• PROBLEM TO SOLVE
The reply should hold only the lines below beginning at the one with "本次乒乓球比賽從19日開始到" and ending at the one with "GOSO加厚三层夹棉家居服2025冬季新款|情侣宅家新标配,保暖与颜值兼得", copied exactly, with every picture left out.

• MATERIAL SHOWN
-------
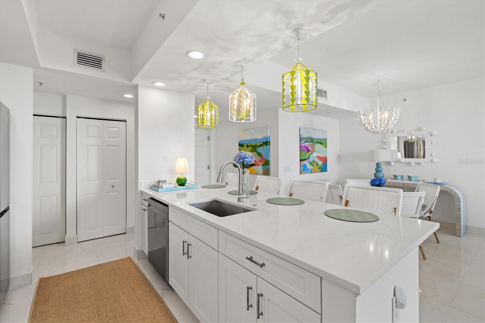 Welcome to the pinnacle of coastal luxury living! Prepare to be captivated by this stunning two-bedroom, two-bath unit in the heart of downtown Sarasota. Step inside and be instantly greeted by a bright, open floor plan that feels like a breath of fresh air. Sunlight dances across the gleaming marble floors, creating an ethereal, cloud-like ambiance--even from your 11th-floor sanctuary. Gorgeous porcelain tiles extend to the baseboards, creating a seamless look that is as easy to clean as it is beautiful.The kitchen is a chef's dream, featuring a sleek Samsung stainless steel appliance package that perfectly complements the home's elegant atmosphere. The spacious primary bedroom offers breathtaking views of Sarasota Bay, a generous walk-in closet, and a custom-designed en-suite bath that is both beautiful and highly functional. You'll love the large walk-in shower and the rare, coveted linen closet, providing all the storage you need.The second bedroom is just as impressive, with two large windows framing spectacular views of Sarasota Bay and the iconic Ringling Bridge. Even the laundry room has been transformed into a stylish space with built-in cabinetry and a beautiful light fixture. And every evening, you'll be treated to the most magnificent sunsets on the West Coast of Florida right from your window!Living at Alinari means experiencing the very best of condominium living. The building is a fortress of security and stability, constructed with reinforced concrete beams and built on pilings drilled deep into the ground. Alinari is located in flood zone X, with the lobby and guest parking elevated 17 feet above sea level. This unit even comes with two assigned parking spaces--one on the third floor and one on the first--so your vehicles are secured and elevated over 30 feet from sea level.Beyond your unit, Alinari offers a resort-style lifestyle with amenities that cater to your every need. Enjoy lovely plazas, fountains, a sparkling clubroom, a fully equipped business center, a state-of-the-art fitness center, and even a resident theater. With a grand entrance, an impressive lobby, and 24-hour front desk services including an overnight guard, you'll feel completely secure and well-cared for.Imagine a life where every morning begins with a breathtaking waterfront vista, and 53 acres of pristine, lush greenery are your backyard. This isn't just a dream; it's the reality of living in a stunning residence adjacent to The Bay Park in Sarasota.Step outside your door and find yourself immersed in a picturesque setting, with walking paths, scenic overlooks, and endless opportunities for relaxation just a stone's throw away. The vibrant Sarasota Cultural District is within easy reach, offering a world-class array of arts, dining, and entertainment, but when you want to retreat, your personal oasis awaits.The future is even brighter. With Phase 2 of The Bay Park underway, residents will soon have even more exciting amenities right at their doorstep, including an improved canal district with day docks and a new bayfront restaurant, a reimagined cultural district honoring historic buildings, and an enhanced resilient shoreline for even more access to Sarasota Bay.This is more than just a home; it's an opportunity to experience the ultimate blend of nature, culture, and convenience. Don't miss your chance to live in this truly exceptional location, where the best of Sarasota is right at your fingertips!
-------
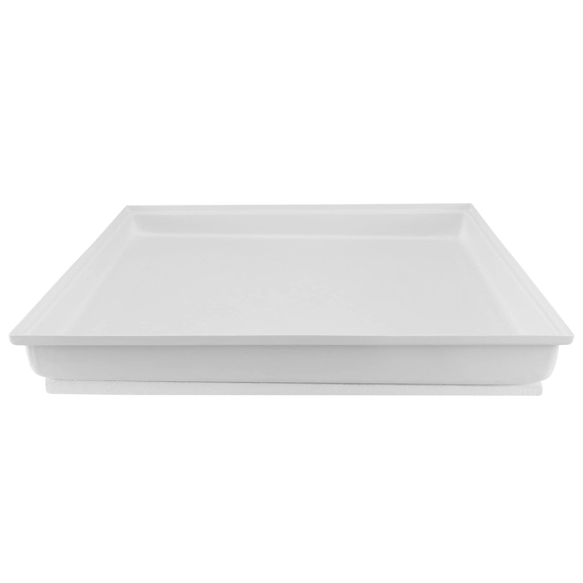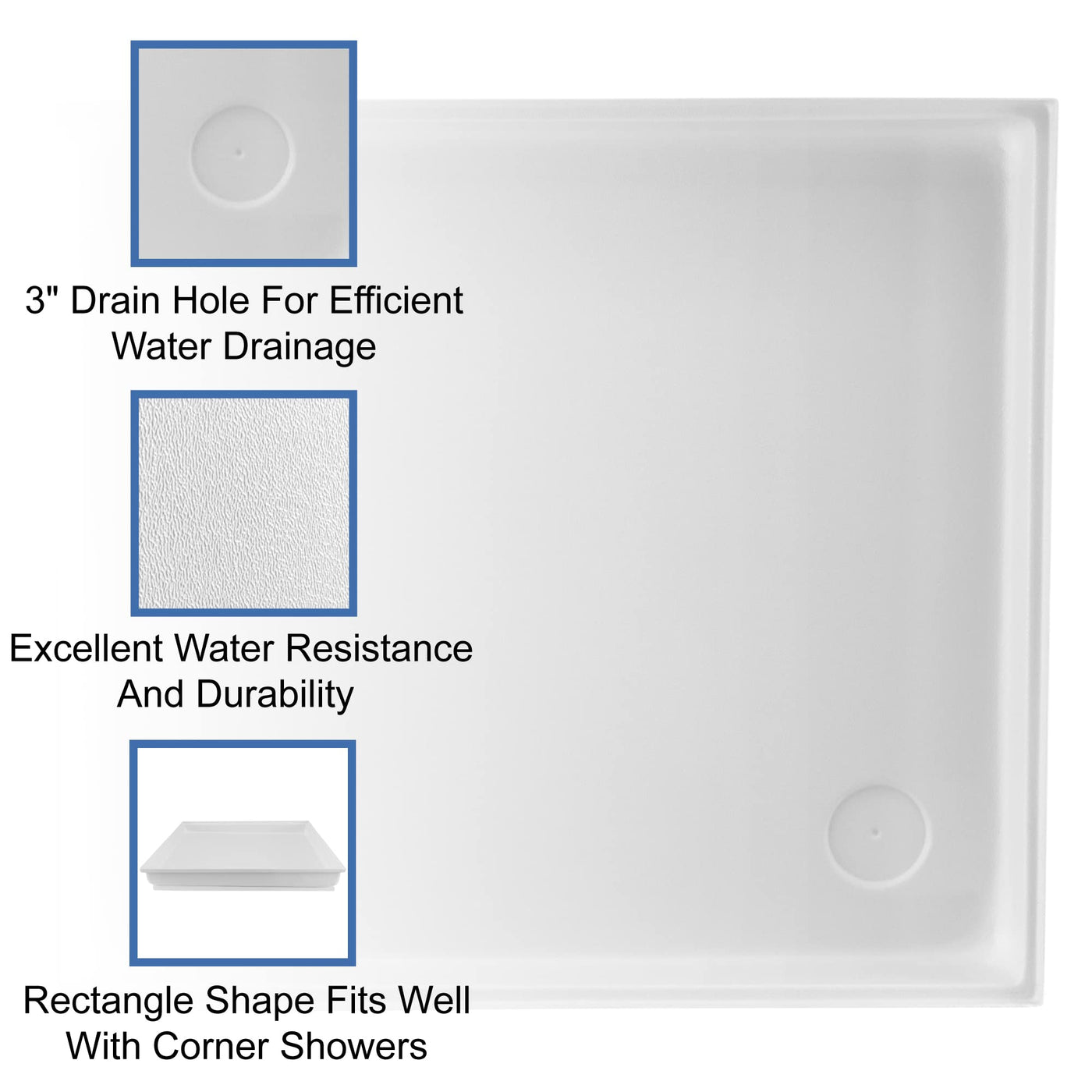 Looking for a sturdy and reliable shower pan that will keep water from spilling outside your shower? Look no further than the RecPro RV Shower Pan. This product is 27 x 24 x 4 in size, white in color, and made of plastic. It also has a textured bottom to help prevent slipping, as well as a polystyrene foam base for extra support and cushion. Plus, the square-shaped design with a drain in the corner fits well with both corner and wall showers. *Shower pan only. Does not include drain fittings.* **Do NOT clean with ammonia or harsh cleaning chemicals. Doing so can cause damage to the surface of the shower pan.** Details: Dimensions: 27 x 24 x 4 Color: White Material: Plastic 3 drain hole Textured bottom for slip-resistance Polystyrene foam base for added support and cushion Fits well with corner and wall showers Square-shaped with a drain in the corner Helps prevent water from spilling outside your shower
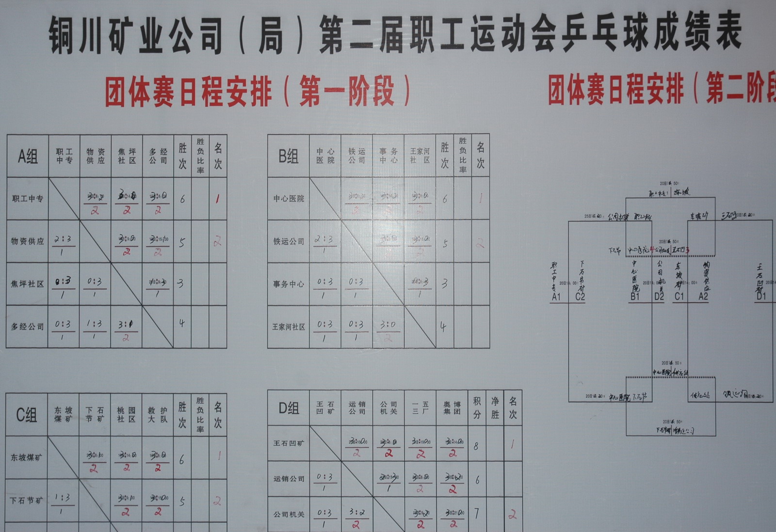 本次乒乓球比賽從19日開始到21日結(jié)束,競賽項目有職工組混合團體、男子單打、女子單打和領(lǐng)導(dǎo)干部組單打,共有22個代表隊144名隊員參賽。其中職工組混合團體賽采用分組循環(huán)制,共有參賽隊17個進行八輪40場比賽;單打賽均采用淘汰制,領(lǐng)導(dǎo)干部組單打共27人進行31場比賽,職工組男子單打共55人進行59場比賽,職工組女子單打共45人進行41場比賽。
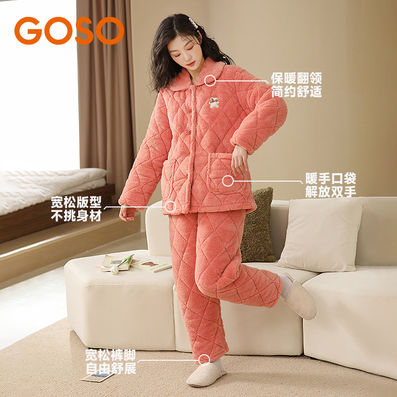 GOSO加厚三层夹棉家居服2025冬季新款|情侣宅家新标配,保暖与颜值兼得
-------
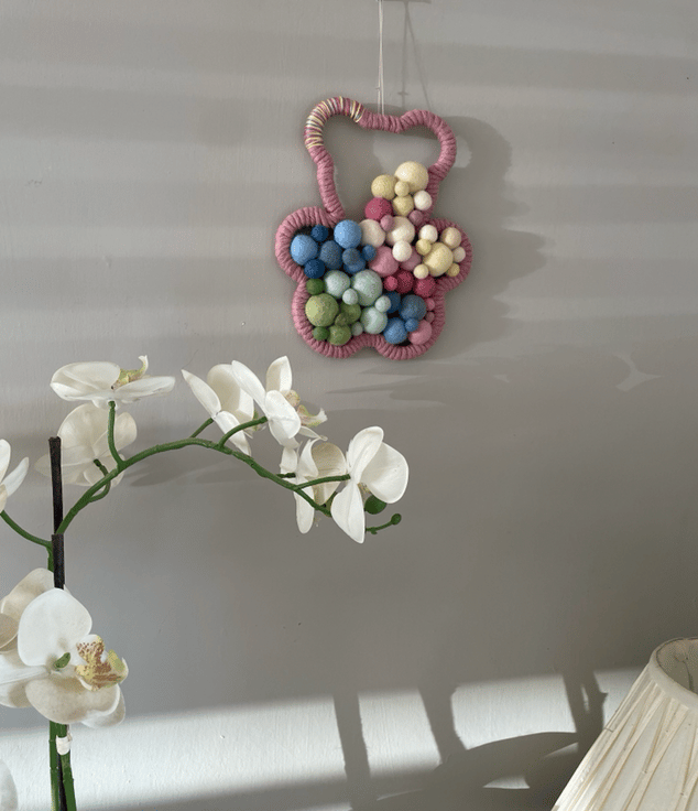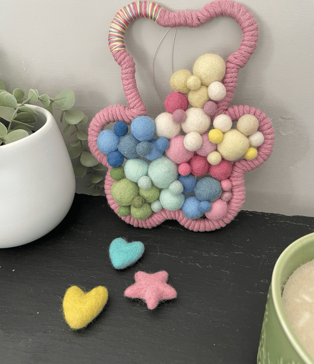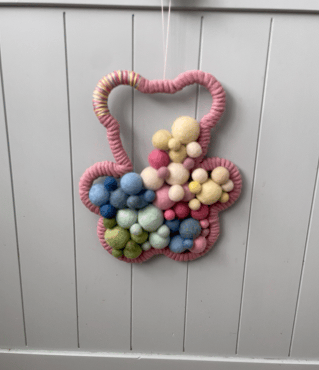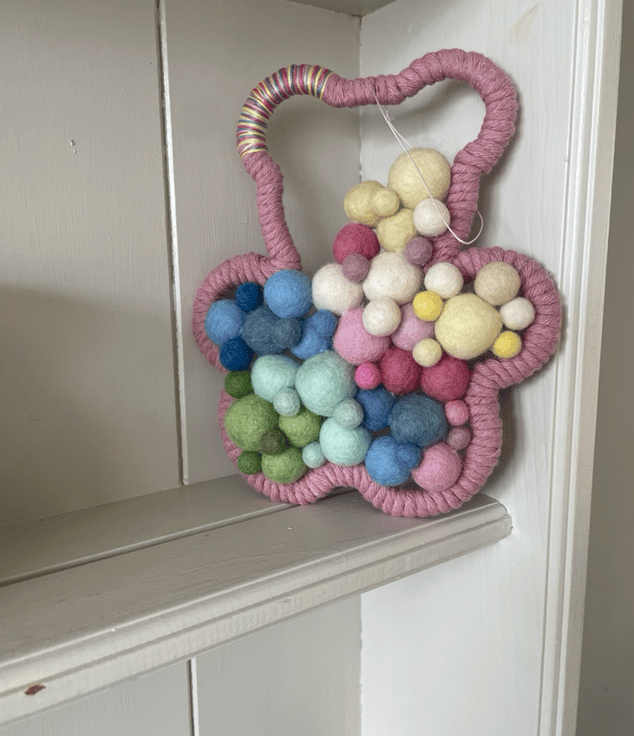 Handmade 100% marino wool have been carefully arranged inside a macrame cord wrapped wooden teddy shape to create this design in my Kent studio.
-------
• EXERCISE RESULT
 本次乒乓球比賽從19日開始到21日結(jié)束,競賽項目有職工組混合團體、男子單打、女子單打和領(lǐng)導(dǎo)干部組單打,共有22個代表隊144名隊員參賽。其中職工組混合團體賽采用分組循環(huán)制,共有參賽隊17個進行八輪40場比賽;單打賽均采用淘汰制,領(lǐng)導(dǎo)干部組單打共27人進行31場比賽,職工組男子單打共55人進行59場比賽,職工組女子單打共45人進行41場比賽。
 GOSO加厚三层夹棉家居服2025冬季新款|情侣宅家新标配,保暖与颜值兼得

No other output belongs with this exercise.